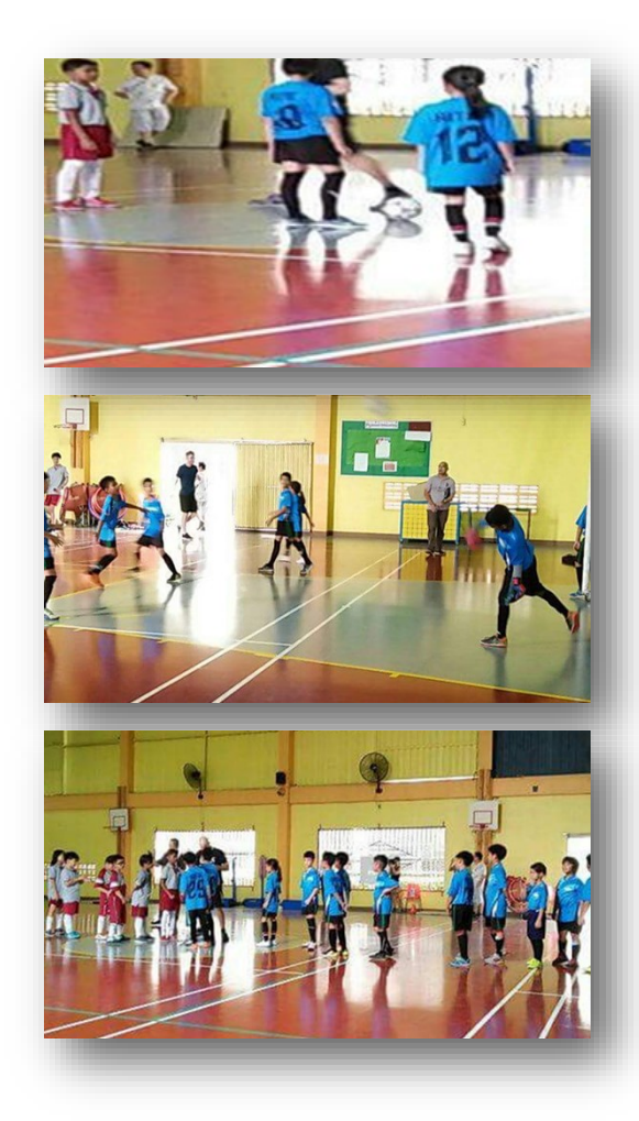
AITIS Bulletin, Volume 9, Issue 7, April 2018 12
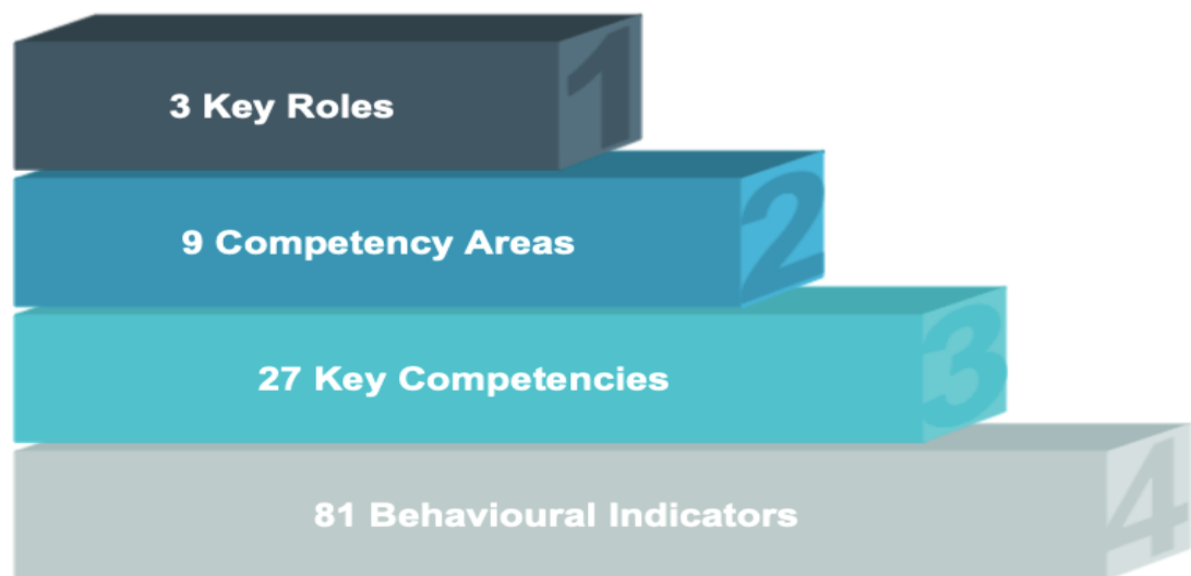
Figure 3. Key roles, competency areas and behavioral indicators

This framework is designed to guide the agriculture officers not only in strengthening their competency but also in improving their behaviors at work place. In total, 3 Key Roles, 9 Competency Areas, 27 Key Competencies and 81 Behavioral Indicators were identified for agriculture officers. CBF will provide platform for them to become a good leader at work place with required professional and behavioral competencies.
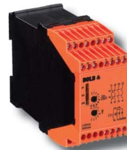
Standstill Monitor LH 5946

Cat. 4 / PL e according to DIN EN ISO 13849-I SIL CL 3 according to IEC/EN 62061 SIL 3 according to IEC/EN 61508, IEC/EN 61511 and EN 61800-5-2
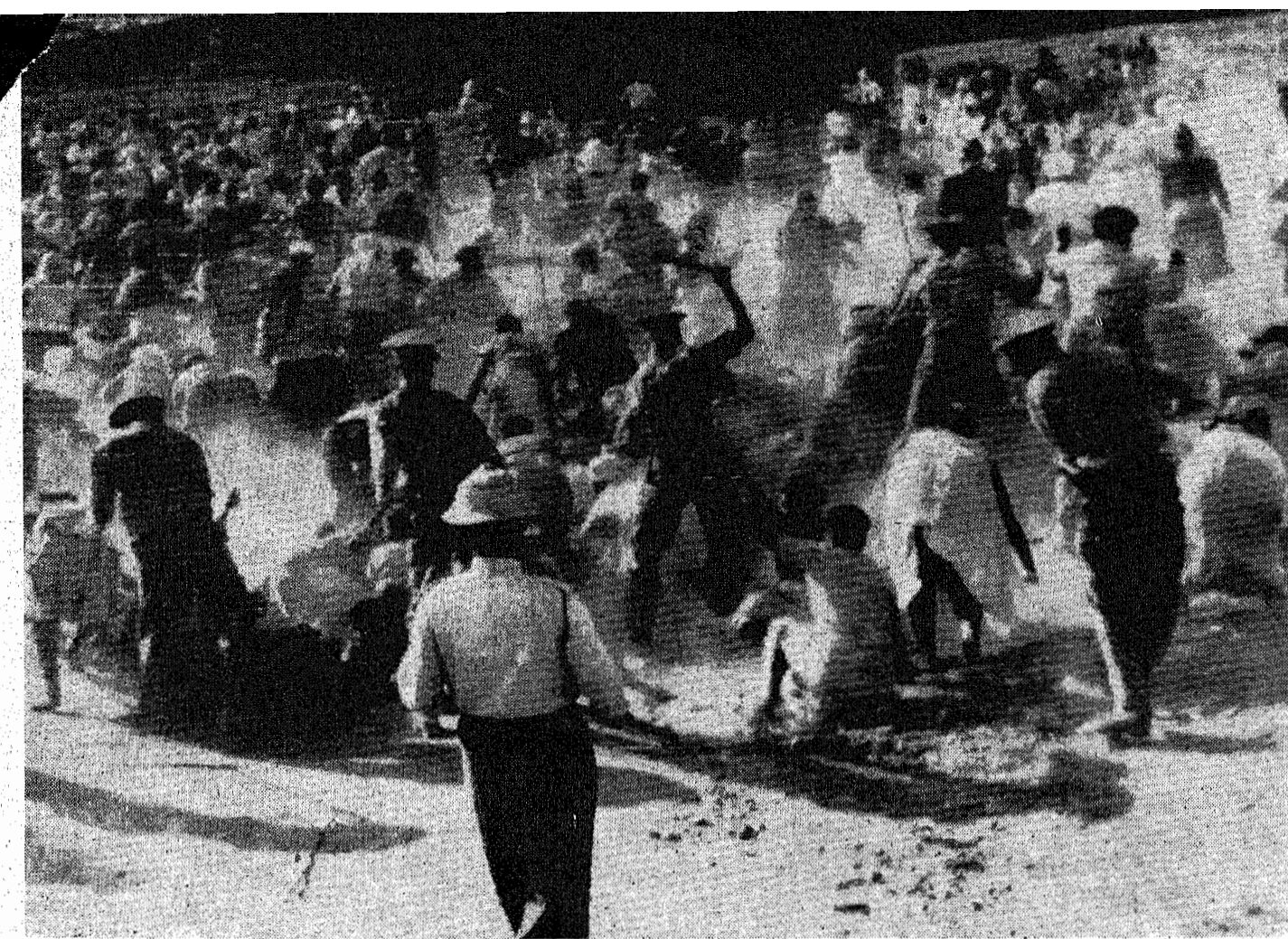
Police baton charge African women—they later opened fire with sten guns and rifles.
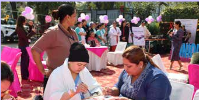
Fortis Hospital, Mohali
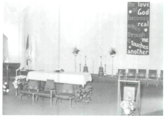
Fig. 3. St. Albert parish church.

Jodo Shin-shu ("True Pure Land School") is a form of Buddhism said to have been founded by Shinran (1173-1262). Orphaned as a child, he set out in search of understanding, peace, and enlightenment following a time-honoured path. He entered the Tendai monastery on Mount Hiei and studied with the great teacher Honen (1133-1212). Honen taught him to place his religious commitment in the recitation of the Buddha's name as found in the formula called the Nembutsu . Through this practice,
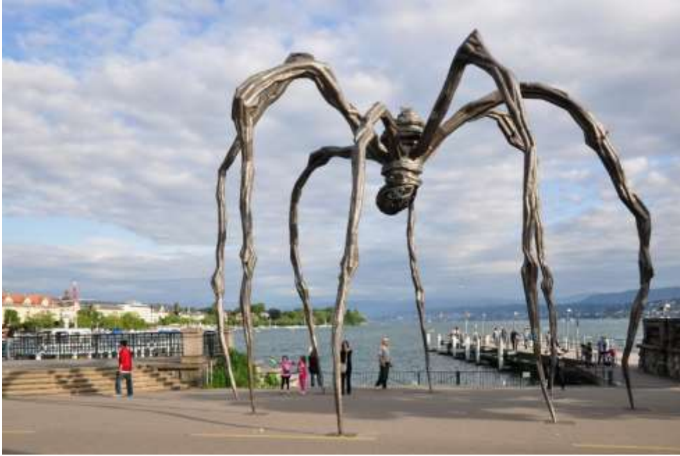
FIGURE 6a: Louise Bourgeois MAMAN (Mother). 1999. Bronze. 30 Feet tall.
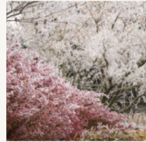
Cherry Bomb® Japanese Barberry Berberis thunbergii 'Monomb' Can. Plant Breeders Rights #3488 ★★★★★ From: $19.99
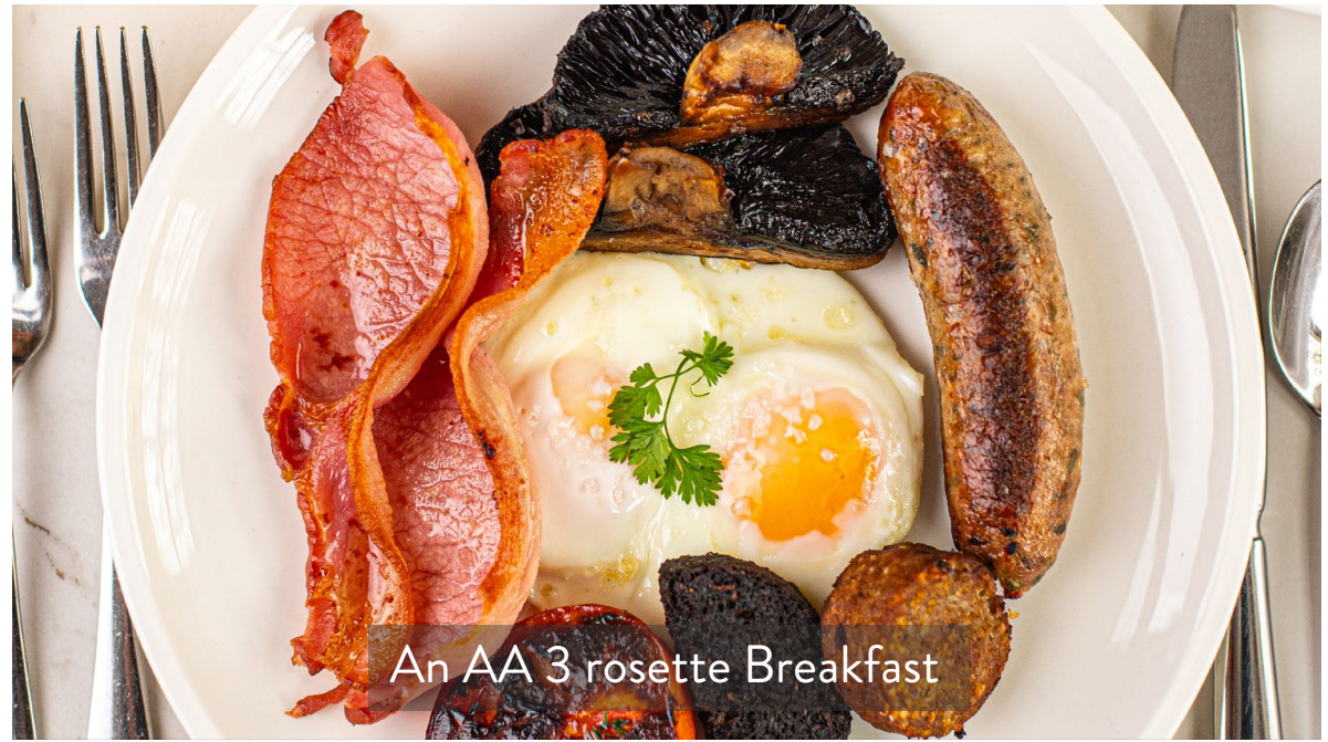
An AA 3 rosette Breakfast
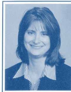
Owned And Operated By NRT LLC.

118 West Orange Street, Altamonte Springs, FL 32714
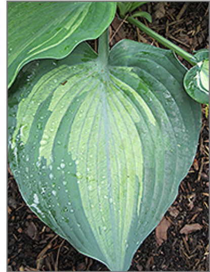
Lakeside Shoremaster Hosta foliage
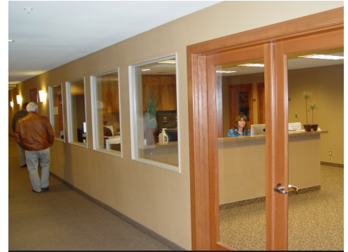
ASC Visits Trinity in Walla Walla
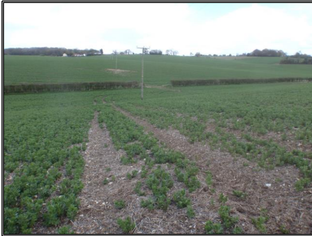
Plate 9 : New country park – southern section, looking east (agricultural land)
○ ○ ○ ○ ○ ○ ○
Could you please write out the entries exactly as they are, with every picture left out?

AITIS Bulletin, Volume 9, Issue 7, April 2018 12
Figure 3. Key roles, competency areas and behavioral indicators

This framework is designed to guide the agriculture officers not only in strengthening their competency but also in improving their behaviors at work place. In total, 3 Key Roles, 9 Competency Areas, 27 Key Competencies and 81 Behavioral Indicators were identified for agriculture officers. CBF will provide platform for them to become a good leader at work place with required professional and behavioral competencies.
Standstill Monitor LH 5946

Cat. 4 / PL e according to DIN EN ISO 13849-I SIL CL 3 according to IEC/EN 62061 SIL 3 according to IEC/EN 61508, IEC/EN 61511 and EN 61800-5-2
Police baton charge African women—they later opened fire with sten guns and rifles.
Fortis Hospital, Mohali
Fig. 3. St. Albert parish church.

Jodo Shin-shu ("True Pure Land School") is a form of Buddhism said to have been founded by Shinran (1173-1262). Orphaned as a child, he set out in search of understanding, peace, and enlightenment following a time-honoured path. He entered the Tendai monastery on Mount Hiei and studied with the great teacher Honen (1133-1212). Honen taught him to place his religious commitment in the recitation of the Buddha's name as found in the formula called the Nembutsu . Through this practice,
FIGURE 6a: Louise Bourgeois MAMAN (Mother). 1999. Bronze. 30 Feet tall.
Cherry Bomb® Japanese Barberry Berberis thunbergii 'Monomb' Can. Plant Breeders Rights #3488 ★★★★★ From: $19.99
An AA 3 rosette Breakfast
Owned And Operated By NRT LLC.

118 West Orange Street, Altamonte Springs, FL 32714
Lakeside Shoremaster Hosta foliage
ASC Visits Trinity in Walla Walla
Plate 9 : New country park – southern section, looking east (agricultural land)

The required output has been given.